With the return to school, it would be somewhat logical to think we can pick up where we left off, right?However, for many children and families, it will not be that easy.  Things have changed, we have had many experiences since the time of starting school that through some reflection contribute to confidence or concern for both parents and children. We didn’t get a huge amount of practice to get into the routines of school before things changed with isolation and lockdown.  Time has passed and getting back on track might not be the only way to approach the situation. Getting back on track implies we will be doing what we did before – but will we?  Some practices and ways of doing things may not be like before for some time – or even at all. For that reason, we have put together some things to consider on how to adapt to back to school with confidence. 

How Do We Adapt To Back To School With Confidence?

Prioritise and take stock – what is working well now – what needs some tweaking.

If it is not broken, then don’t mess with it.  If your children are eager and keen to get back in their classroom then it is an aspect that needs less consideration other than ensuring it continues.  So, what is different? Maybe it is the meal preparations or drop off that needs some attention.

From a practical point of view, we can break the focus areas into four categories.

Emotional Competency

Emotional competency may need some boosting.  After being at home moving back into being in groups, away from primary caregivers and managing different expectations will be a challenge to adjust to.  Some helpful ideas will be to discuss what is going well with your child and what it is they are worried about. Sometimes it is the very small details that once set straight can make the most amazing differences.  Being reassured they will not forget a needed item by using a calendar together, making a new bag packing checklist together may be a boost that helps promote confidence and a feeling of being prepared. The key to adapting to back to school with confidence is adequate communication on how your child is coping emotionally. 

Physical Needs

The weather is cooler, and uniforms are requiring add ons such as jackets and jumpers, things for little ones to remember that was not part of the routine before. Also bear in mind any sensory issues that may arise from new clothing. It is good practice to do a trial run of clothing before sending children off to school for the day and avoid any issues arising. All of these seemingly small changes are not something children have built up to doing – nor have families, being gentle with yourselves is important. With changing weather and routines children are often needing an extra snack for example an extra piece of fruit in their lunch box. 
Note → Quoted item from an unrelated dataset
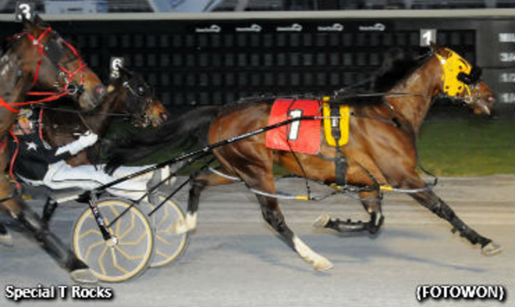 Special T Rocks Sizzles At Harrington May 22, 2017 Bill Sartin and Mark Salerno's Special T Rocks was a repeat winner in Monday's $17,500 Open at Harrington Raceway in 1:50.2 – the fastest mile of the season at Harrington - over a track rated ‘sloppy’...

Back to school with confidence

Time Management

It may take some practice for all involved to meet all the arrival expectations being on time for school. Home routines for homework and bedtime will support organisation but might not be the same as before.  Considering needs now without comparing to the prior experience of school routine makes decision making easier.  What worked for before might have been well and good – what works for now, well is what works for now.


How does communication with teachers look, with kiss and go drop off zones some families are noting less contact with other parents and it has been a gap they are needing to fill through other ways of connecting. Children’s friendships and social development are important and finding ways to develop skills in communicating on the friendship level opens up lots of possibilities using IT, writing skills, telecommunications, and good old-fashioned thinking of others.  As a mum, it is truer than true that worry creeps in. While you are considering how the little ones are coping make a point of checking in with yourself and how you are adapting to the plunge of schooling at school again. Early years of schooling is frequently a time parents miss their kid’s company as they make their way onto new discoveries. Remember to acknowledge your feelings as valid and worthy.

We Are All In This Together

Uri Bronfenbrenner proposed “in order to develop normally, a child requires progressively more complex joint activity with one or more adults who have an irrational emotional relationship with the child. Somebody’s got to be crazy about that kid. That’s number one. First, last and always.”

For a huge number of people including adults and kids this is a chapter of their lives they have little else to compare it to and draw resources from.  While at times it might seem overwhelming and harder than other times it is important that we have managed to adapt so far.  We are all in this together is a popular reference and a strong reminder that others are experiencing challenge at this time.